Reuters/Benoit Tessier

Consumers in France could see electricity bills rocket over the next four years if current regulation governing the cost of electricity is not changed. 


Philippe de Ladoucette, head of the Commission for Energy Regulation, CRE, predicts an annual six per cent rise in electricity costs over the period culminating in a 30 per rise by 2016.

This is bad news for the 35 million French households – over 60 per cent of the population - which has converted to electricity-only power.

Electricity bills in France automatically rise every year by the cost of inflation, currently around two per cent.

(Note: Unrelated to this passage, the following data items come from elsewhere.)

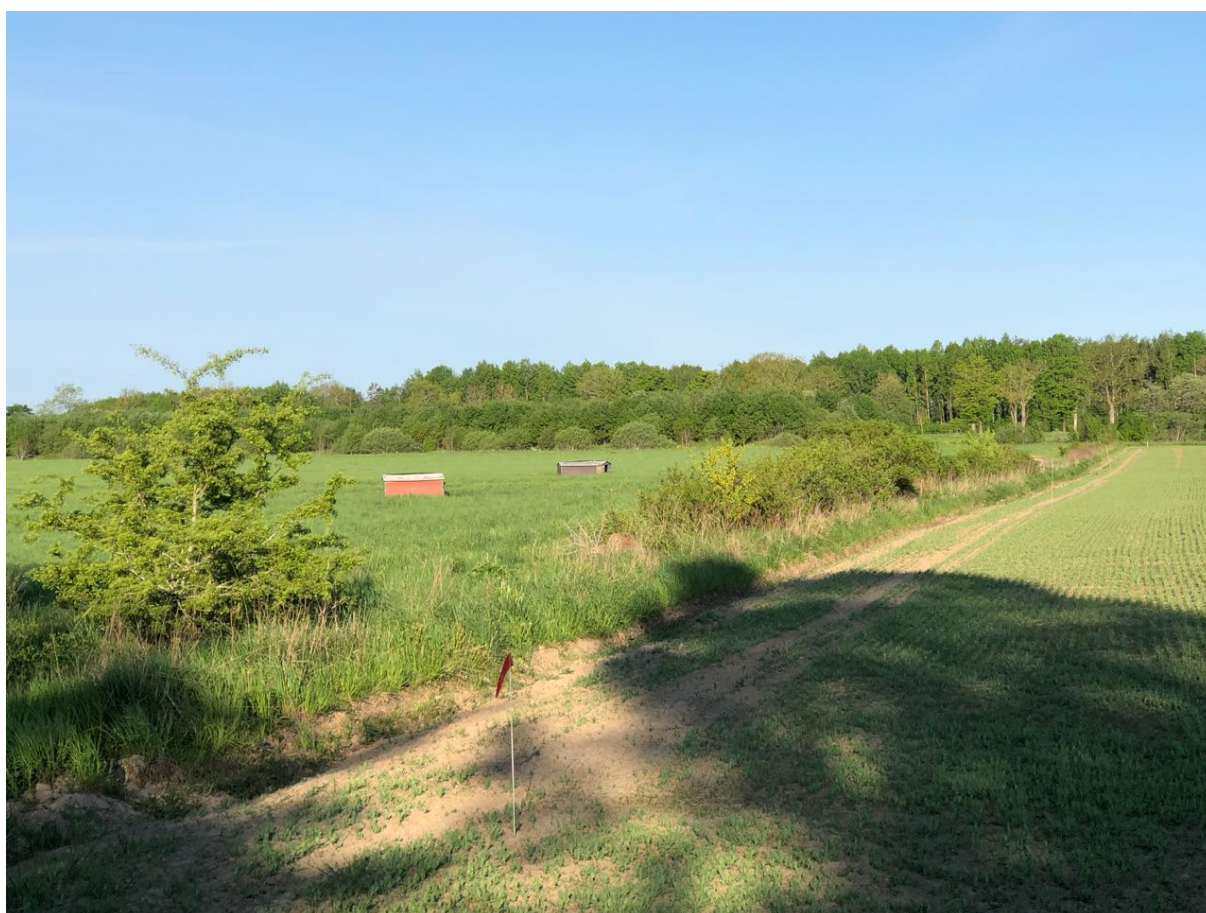
Lähäck/busplantering i fältkant.
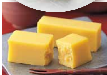
⑤<舟和本店> 芋ようかん5本詰 1箱・…【60箱限り】864円
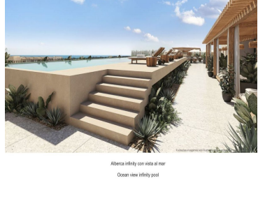
Alberca infinity con vista al mar Ocean view infinity pool
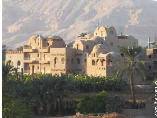
vista desde la azotea
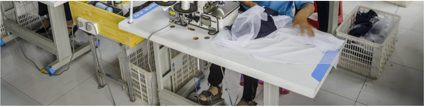
2020年6月18日中国新疆维吾尔自治区，工人戴着口罩在一家服装厂工作。

我也听过这样一种支持观点：为维吾尔人发声是很重要的，因为维吾尔人的现在就是汉人的未来，为维吾尔人发声也是为自己发声。这样的观点在政治动员策略（strategy）的层面是有可取性的，但是这种观点问题也很大。因为它的潜台词是说：汉人为汉人的自由发声，维吾尔人为维吾尔人的自由发声，只有在维吾尔人的命运关系到汉人的命运时才为维吾尔人发声。大部分人的重点还是在骂独裁、骂封控上，维吾尔人的问题实际上是被边缘化的。
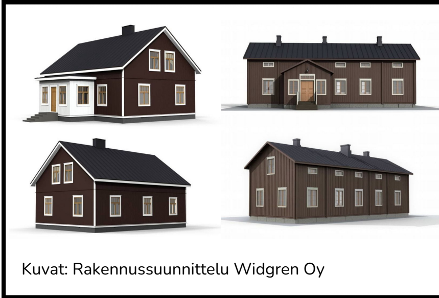
Kuvat: Rakennussuunnittelu Widgren Oy
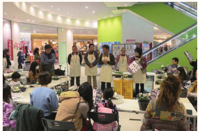
▲ハボタンの産地などをPR

12月15日と16日に、神戸市垂水区の「ブルメール舞多聞」において、全国有数の産地である加西市産ハボタンをPRしました。
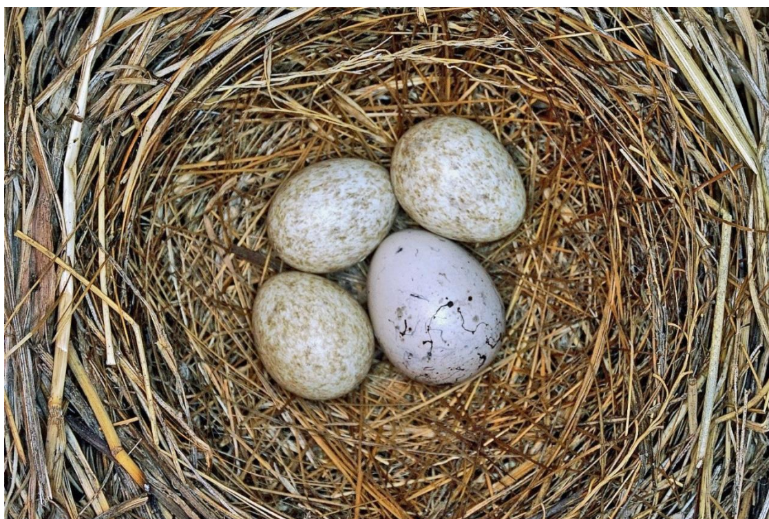
Рис. 15. Кладка ошейниковой овсянки Emberiza fucata с яйцом обыкновенной кукушки Cuculus canorus . Окрестности посёлка Хасан. 28 июня 1992.

середине июля. Овсянки склёвывали многочисленных бабочек в высоких зарослях травы в июле. Наибольшая встречаемость этой группы в питании – утром и вечером, когда бабочки находились в состоянии покоя и поэтому становились лёгкой добычей для птиц. Со второй половины июля по август в пище птенцов доминировали прямокрылые. С третьей декады июля пищей овсянок, охотящихся в густой растительности по склонам сопок, часто становились жесткокрылые. В это время их встречаемость в пробах пищи возрастала до 97% и не зависела от погоды и времени суток. Овсянки, вероятно, специально не охотились за равнокрылыми и перепончатокрылыми из-за того, что их трудно поймать в воздухе. Поэтому эти насекомые составляли не более 3.3% пищи.
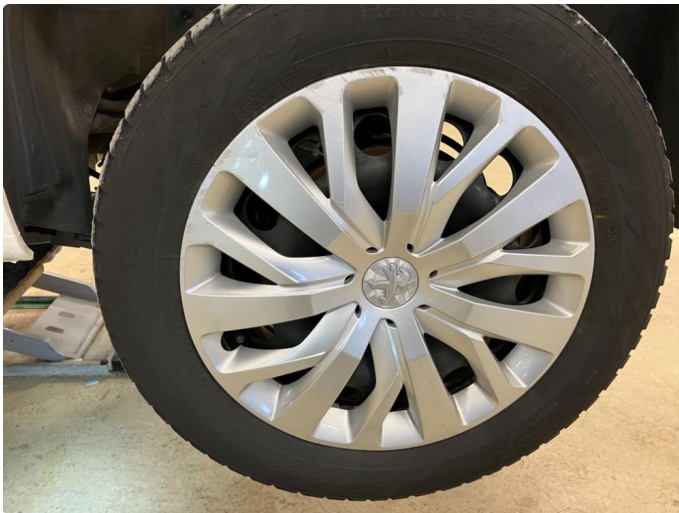
1.1 Ripe (r) gjennom lakk
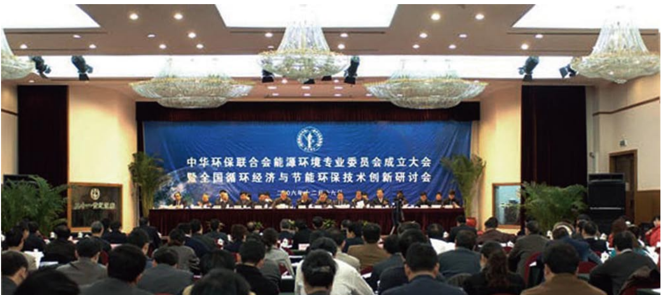
中华环保联合会能源环境专业委员会2006年12月16日在京成立

组织开展和协调能源系统共同参与能源环境事业及公益活动；加强社会监督，致力于能源工业实现国家能源发展和环境保护目标，维护我国良好的能源工业国际环境形象，推动全人类环境事业及节能环保产业的进步和发展；组织开展能源环境行业教育培训和环境评估技术服务，开展国际交流合作，推广能源环境新技术。
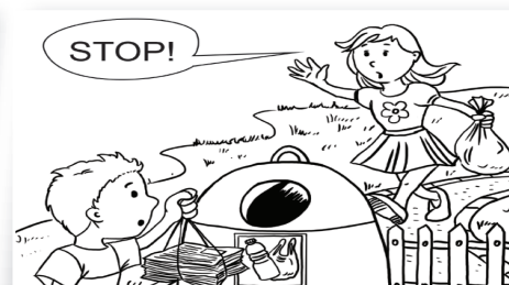
Kolorowanka ekologiczna EKodzieciaki – str. 19
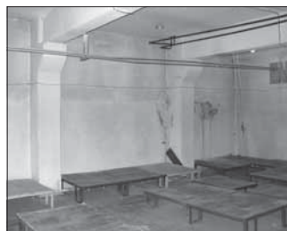
Просп. Ленина, 125 (склад). Общая площадь 498,8 кв.м.
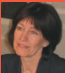
Laurette Onkelinx, Vizepremierministerin und Ministerin für Soziales und Gesundheit der scheidenden Regierung

Warum ist die derzeitige Krise in Belgien eine Gefahr für die Sozialversicherung und was wird die PS tun, um sie in den schwierigen Zeiten, die sicher auf uns zukommen werden, zu bewahren?
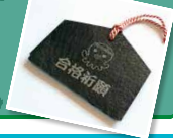
スレートde合格絵馬
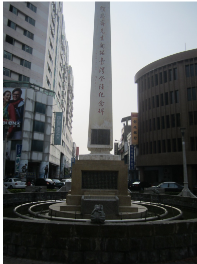
位於雲林北港的顏思齊拓墾紀念碑。 此人正是鄭成功的老爸的老大，在正史中是無惡不作的海盜，但在地方野史裡卻是墾荒英雄。如今高樓林立， 顏思齊碑卻未隨傳統建築消失。
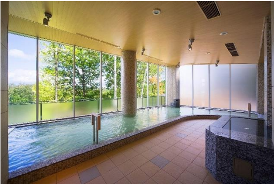
富良野温泉 紫彩の湯 内風呂

こうした課題を踏まえ、シルバー層からお子さままですべてのお客さまが快適にご利用いただけるよう、温泉施設と宿泊棟を最短距離で結ぶ新たな通路を設けます。階段の昇降を最小限に抑えるとともに移動距離の大幅な短縮により、さらなるバリアフリー化を実現いたします。また、新たに通路を片面ガラス張りの造作にすることにより、富良野の美しい景観を堪能しながら温泉までの道のりもお楽しみいただけます。
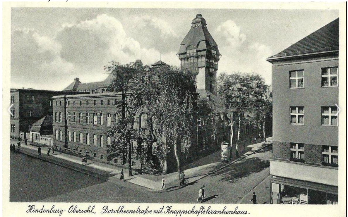
Widok dawnej ulicy Dorothenstrasse lata: 1935-1945r.
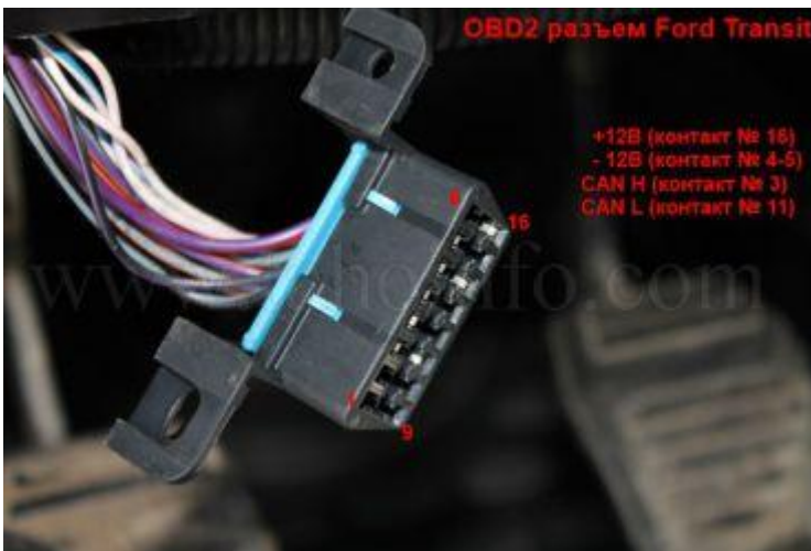
Схема подключения CAN to SPEED adaptor на автомобиль Ford Transit
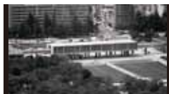
広島ピースセンター [1952年] EK 丹下健三 重要文化財
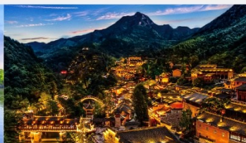
หุบเขาเทวดาหวังเซียนกู่
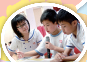
P5 班際大比拼——必答題
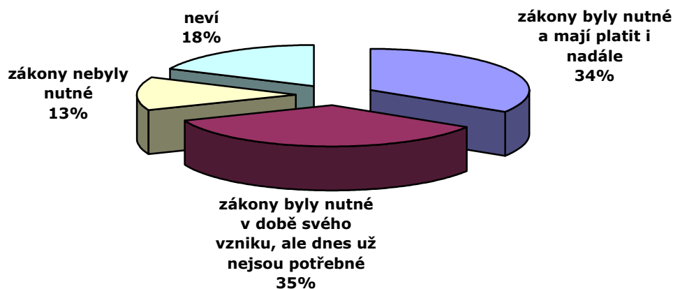
Graf 2: Názory na nutnost lustračních zákonů (%)

Z šetření vyplynulo, že asi třetina (34 %) lidí se domnívá, že lustrační zákony byly nutné a že by měly platit i nadále. Prakticky stejný podíl (35 %) Čechů pak zastává názor, že lustrační zákony sice byly nutné v době svého vzniku, ale že v současné době nejsou potřebné. Pouze 13 % lidí si myslí, že
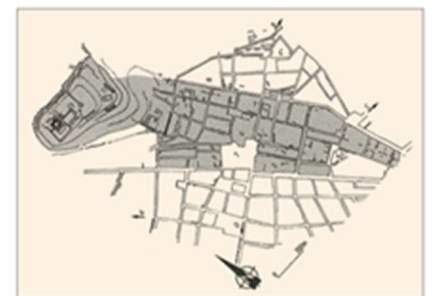
Afbeelding: plattegrond van Cuzco
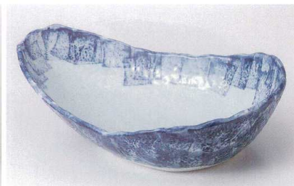
ツ235-15 ゴスハケメ三角型大鉢 32.3×19.8×8.6cm 3,400円 ツ235-16 ゴスハケメ三角型中鉢 17.8×12.3×5.6cm 840円 ツ235-17 ゴスハケメ三角型小鉢 12.4×8.7×4cm 550円
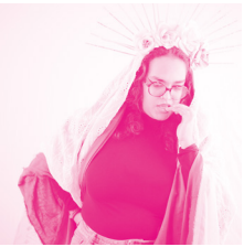
Eva Pamart Performance
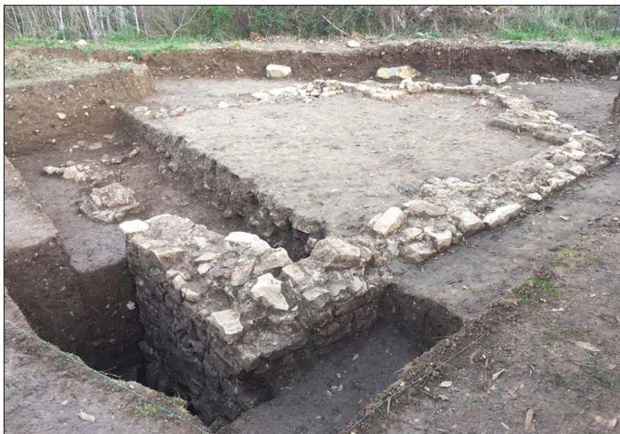
Slika 3. Opšti izgled crkve
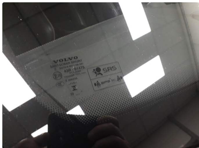
1.2 Steinsprut i synsfelt
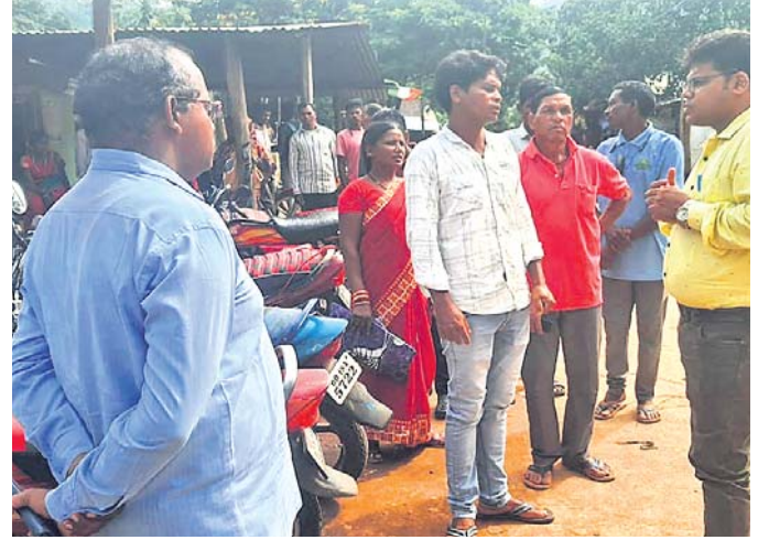
ଉପଜିଲ୍ଲାପାଳ ଆଲୋଚନା କରୁଛନ୍ତି।

ପାରଳାଖେମୁଣ୍ଡି/ନୂଆଗଡ଼, ୧୧/୯ (ଗିରିଧାରୀ ପରିକ୍ଷା/ ଯୋଗ୍ୟବନ୍ତ ପରିକ୍ଷା)
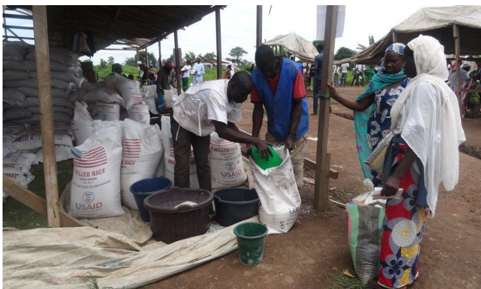
Distribution générale des vivres à Mandjou.

Un total de 274,090 réfugiés centrafricains concernés :
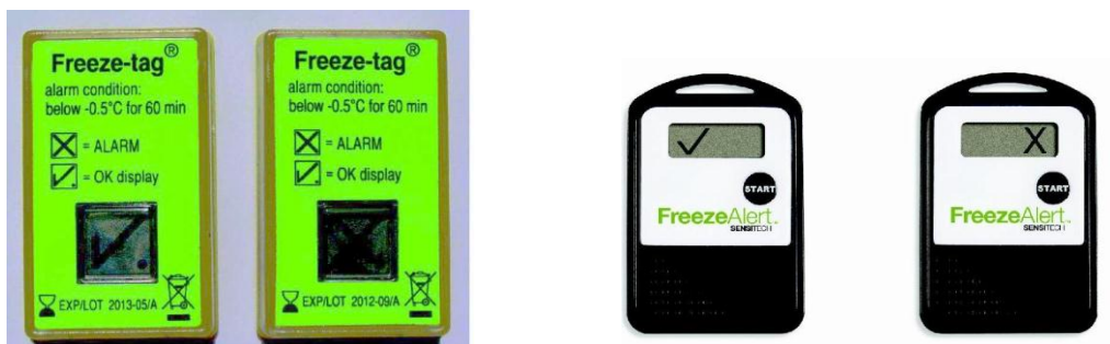
Fig.nr.3 Cele doua tipuri de indicatori de inghet certificate de OMS
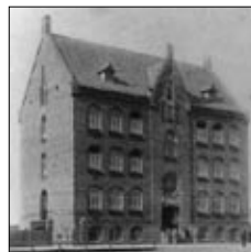
Foto de 1900

Estetiko ludas gravan rolon celante la estimon de spaco kaj materialoj. Kognicio, sensoj, emocioj kaj ankaŭ la naturo apartenas al la instrukoncepto. Per klaraj strukturoj la infanoj ricevu pozitivan rilaton kaj konfidon al la lernejo.
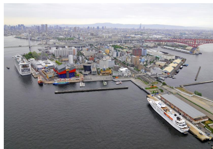
【中央突堤北岸壁(手前)】
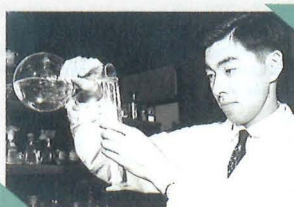
「日本の頭脳」という番組に出演された ときの博士。 A scene from a Japanese TV program called "Japanese Brains".
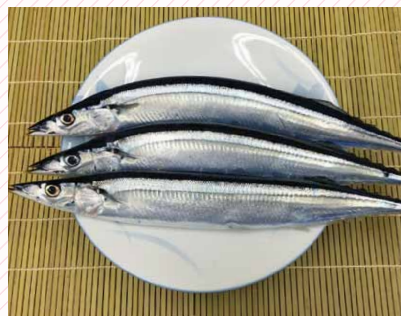
小名浜港の水揚げトップがサンマとカツオ
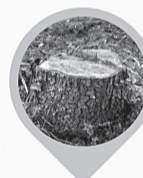
KOKU CIRŠANAS ATĻAUVU
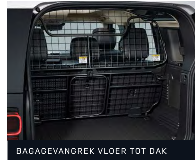
BAGAGEVANGREK VLOER TOT DAK
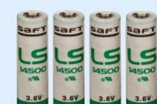
Art.-Nr.: 805597 Lithium-Batterie 3,6 V 2600 mAh Saft LS (VPE = 4 Stück)

1 Stk. je 20,89€ ab 10 Stk. je 19,89€ ab 30 Stk. je 18,69€ ab 50 Stk. je 17,99€ ab 100 Stk. je 17,69€ Auf Anfrage
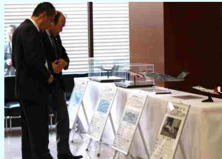
岐阜基地から協力を受けた模型展示に見入る来場者
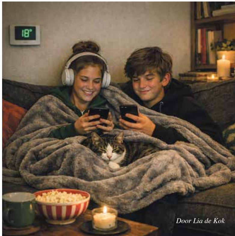
Door Lia de Kok

Ook in de keuken valt veel te besparen. Steeds meer mensen ontdekken de slowcooker. Dit apparaat gaart gerechten langzaam op lage temperatuur, meestal tussen de 70 en 90 graden.
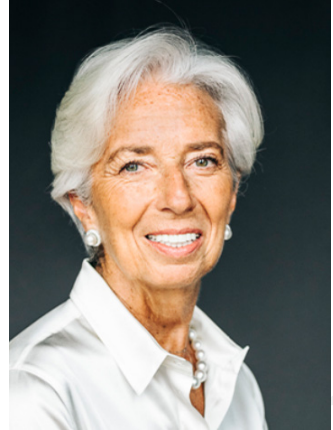
Mme Christine Lagarde
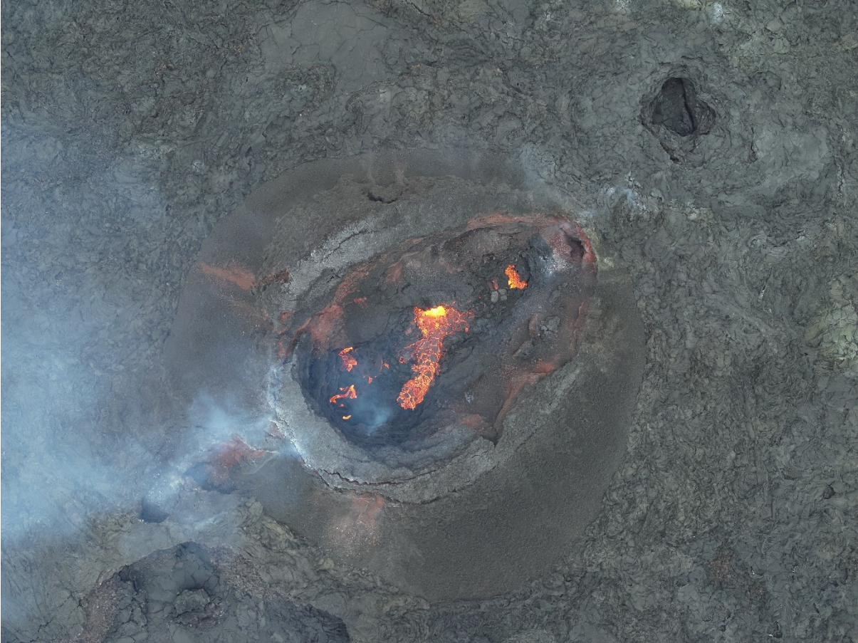
Mynd af gígnum sem tekin var um kl. 9:30 í morgun í drónaflugi Almannavarna yfir gosstöðvarnar.
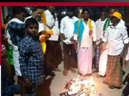
పత్తికొండలో ఆందోళన వ్యక్తం చేస్తున్న కార్యకర్తలు
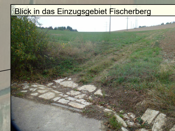
Blick in das Einzugsgebiet Fischerberg
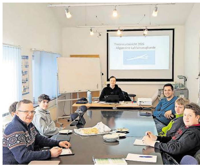
Theorieausbildung: Fliegen beginnt lange vor dem Start.

Besonders wertvoll ist dabei die Art der Wissensvermittlung. Die Schulung wird von erfahrenen Fluglehrerinnen und Fluglehrern begleitet, die ihre langjähri-
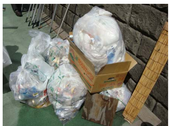
回収したごみの山
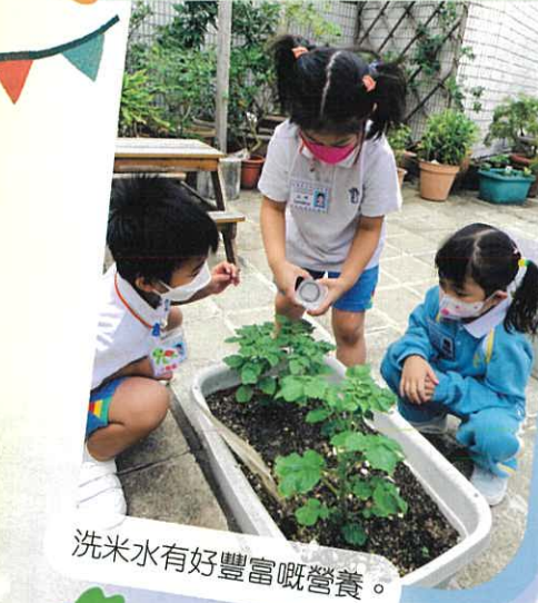
洗米水有好豐富嘅營養。

Add to this an increase in the public service tax for supplying electricity deducted from each bill, and the expected increase in the cost over the next few years of renewing the country’s ageing supply network and it’s easy to see why prices are set to take-off.

“Prices will explode if the current legislation is not modified,” warns Ladoucette.

Nicolas Mouchnino of consumer organization, UFD-Que Choisir, is less optimistic. He believes prices will rise by 28 per cent by 2015.

French consumers, already reeling from the increase in gas and domestic fuel prices, will not be happy.

They currently benefit from electricity costs some 30 per cent lower than neighbouring countries because of special tariffs set by the state due to nuclear-generated power.

But the government is under pressure from Brussels to remove these tariffs by 2015.